It is a suggestive fact that after the artificial comedy of manners the next great development in literature was the essay of contemporary manners. It began at a time when the stage was in a state of decline. Artificial comedy, the characteristic product of the Restoration age, was still reeling under the onset of Jeremy Collier. Dryden had made a dignified apology, Congreve had prevaricated in vain, Farquhar, and more especially Steele, had in some degree purified the stage, but the theatre had no longer a paramount literary importance until Garrick appeared to act and Goldsmith to write. When the disorderly pulses of Restoration activity had finally resumed a normal beat, a vast change had taken place in the nature of social life, and there was need of some new form of literature to gratify the cravings of Queen Anne society.

It was the work of the essay to supply this demand, to judiciously season culture with the requisite spice of scandal, and to exhibit the foibles of the time with a humour that should not be impure.

In tracing the course of any literary development, one is apt to exaggerate the importance of the casual coincidences to be found in the literature of different periods. Passages might be singled out from Elizabethan prose bearing a certain resemblance to the essay proper; but, as Professor Saintsbury has pointed out, importance is to be attached not to "the occasional flash here and flash there of 'modernism', but the general presence of a tendency distinctly different from that of the main body of forerunners". Bacon's essays form a collection of wonderfully shrewd and pithy observations, and have been a veritable mine of suggestions for writers since; but in no real sense can they be said to be prototypes of the eighteenth-century essay.
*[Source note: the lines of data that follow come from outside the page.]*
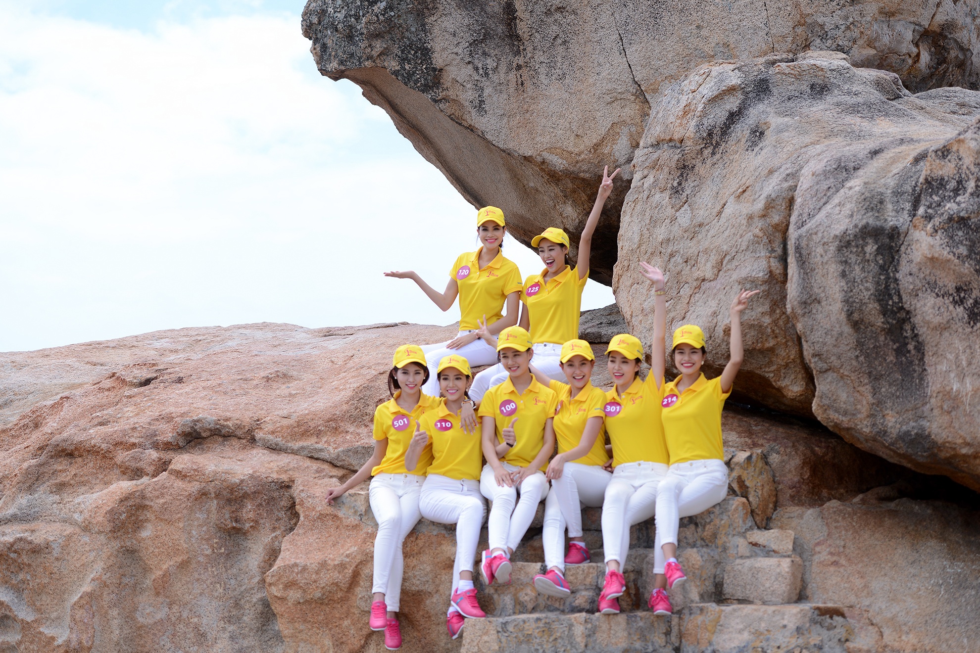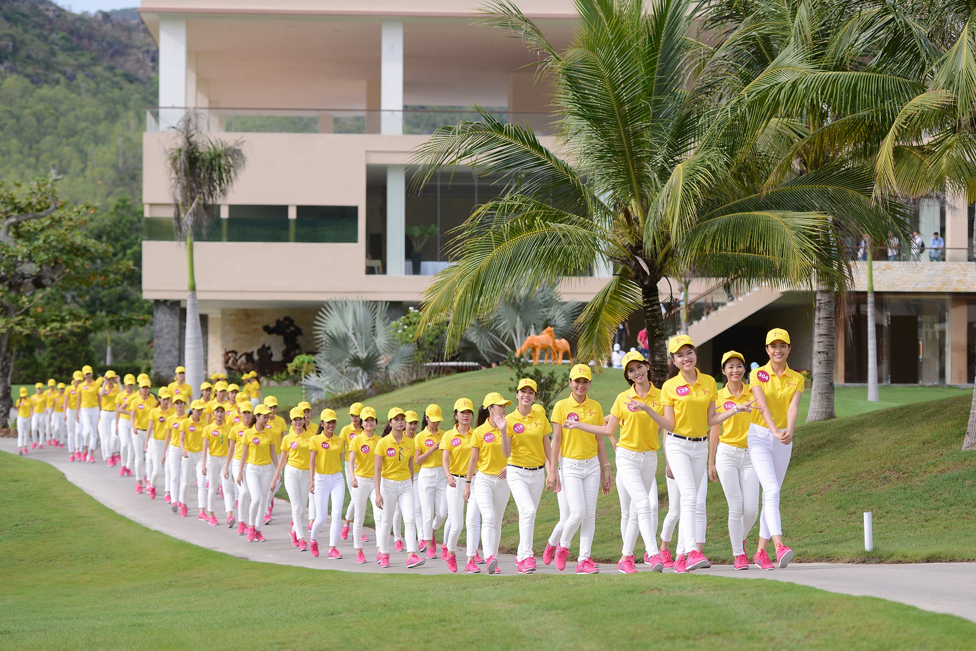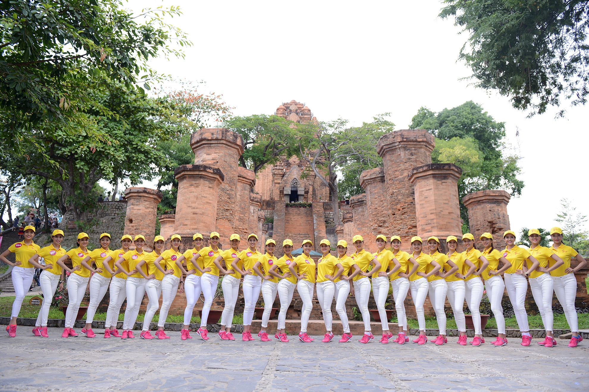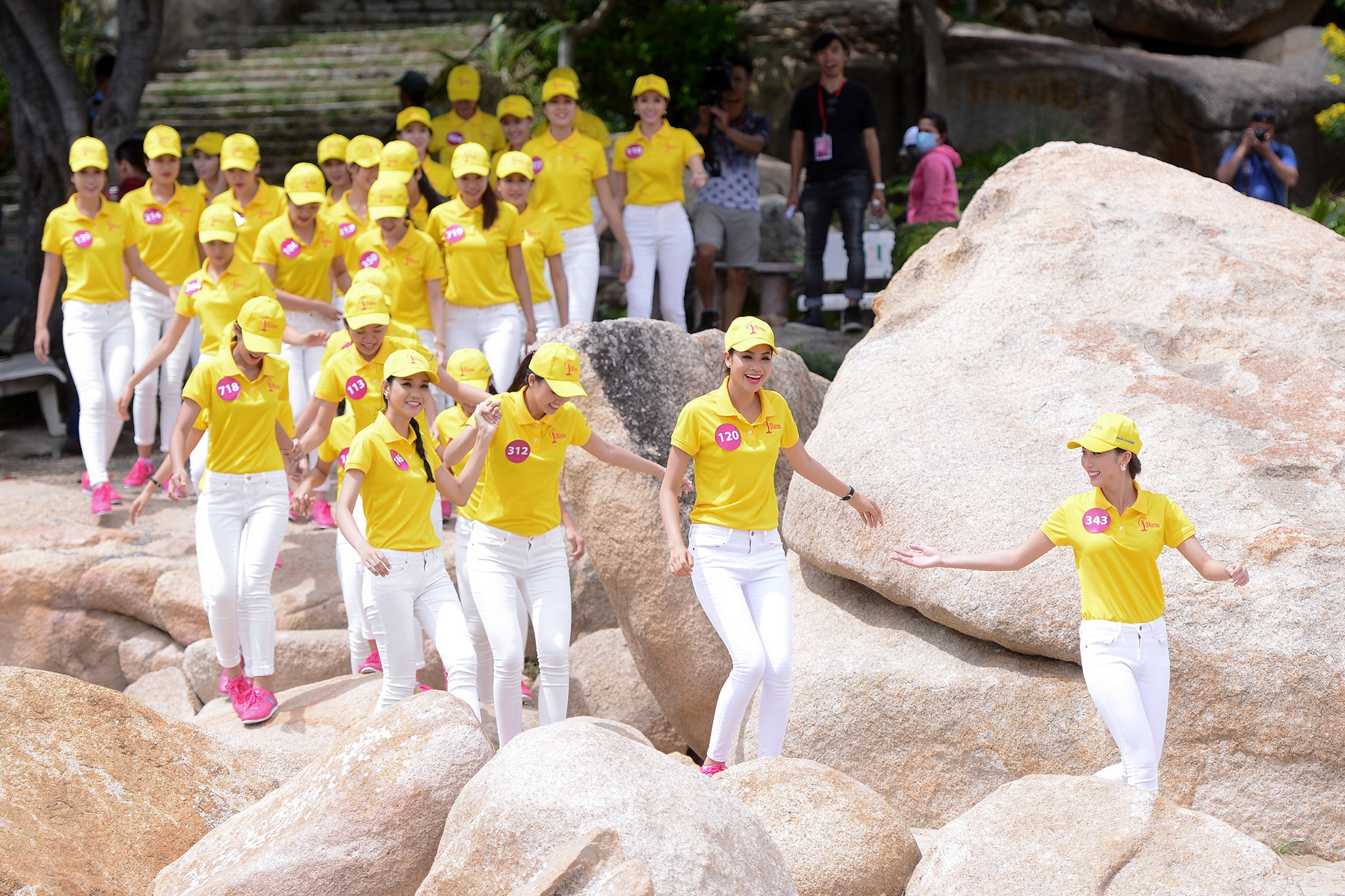 | Các thí sinh khoẻ khoắn và năng động trong trang phục quần jeans trắng, áo thun vàng. |
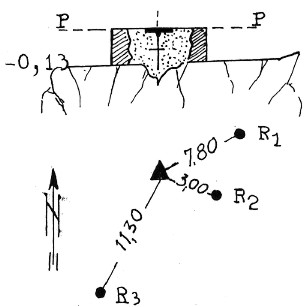 Segnale sul punto di colmo di Creper di Stracciola. Centrino di superficie cementato al centro della più grossa roccia. Riferimenti: Tre centrini metallici cementati in roccia.
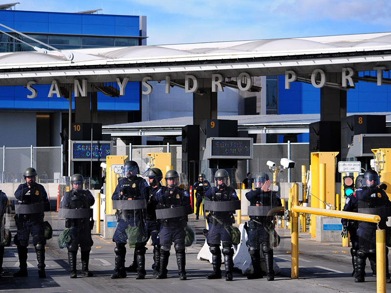 Estados Unidos.- Elementos del Ejército de Estados Unidos apoyados por personal Aduanas y Protección Fronteriza (CBP) realizaron una demostración de contención en caso que algún grupo de la Caravana Migrante intente entrar al país norteamericano por la garita de San Ysidro.

They are, in his own words, but "certain brief notes set down rather significantly than curiously; not vulgar, but of a kind whereof men shall find much in experience and little in books". Between them and the Tatler there is nothing more than a nominal connection, and even to Dryden, Cowley, and Temple the Spectator owes but little obligation. To Dryden belongs the credit of having given modernism to English prose and of having founded literary criticism. His Prefaces are certainly essays, not dissimilar in kind to the critical papers in the Spectator; but then it is not in these latter that the peculiar significance of Addison's work is to be found. It is often difficult to draw a

line between literary criticism and gossip about literature, but any essay in which the predominance of the former element is tolerably clear must be relegated to a different current of development from that of the periodical essay. Still, Dryden must be included among the remote pioneers of the latter, from the one fact that he made frequent use of a simple, colloquial style, intended to appeal not to a small circle of critics but to a wider and more popular audience. On the other hand it is sometimes claimed that the essay was the product of French and Italian influence, and Dr. Johnson, in his account of its origin, has singled out for mention the works of Casa, Castiglione, and La Bruyère. It is only misleading, however, to connect the essay with such a book as Casa's Galateo, a somewhat rambling and casuistical treatise on polite behaviour which, nearly two centuries later, found a counterpart in Chesterfield's Letters to his Son. Nor is it less far-fetched to attach much importance to The Courtier of Castiglione. That this work enjoyed a great popularity is evident from the number of its editions and translations, but it would be absurd to say that its diffuse moralizings on the character of the ideal courtier of Urbino had any sensible influence on the English essay. The Characters of La Bruyère, avowedly modelled on those of Theophrastus, are in many respects so admirable as to justify their mention by Johnson. They were known to both Steele and Addison, to whom they very probably suggested many subjects for treatment; but they are too fragmentary, too much after the style of the seventeenth-century

"character", to be seriously included among the antecedents of the Tatler, and their importance still further diminishes when it is remembered that Montaigne, Bacon, Dryden, and Cowley had all written prior to them. The truth is that the only obligation the English essay owes to foreign suggestion is to the essays of Montaigne. To what

extent he borrowed from Seneca and Plutarch is not worth considering, for it would be as hypercritical to engineer a parentage for Montaigne's happy egotism as to ferret out the antecedents of Pepys' Diary. His essays at the time were unique, and Montaigne is the first philosopher in an easy chair. It can scarcely be determined at what point his influence first made itself felt in the progress of the English essay. Bacon owed him nothing, but it is interesting to find as a connecting-link between Montaigne and Dryden that the latter, after declaring that a preface should be "rambling", admits that he learned this "from the practice of honest Montaigne". Cowley's essay, Of Myself, implicitly makes the same admission. Once for all the Frenchman had vindicated the essayist's right to be pleasantly discursive, and the spirit of his influence breathes in the lucubrations of Bickerstaff not more than in the essays of Hazlitt, Hunt, and Lamb. Montaigne is, indeed, the prince of tatlers. There is no questioning his right to be called the inventor of the essay form in its most general sense, but it remained for his English successors to limit its scope by prescribing a certain unity of design, and some restraint in the essayist's use of irrelevancy and egotism.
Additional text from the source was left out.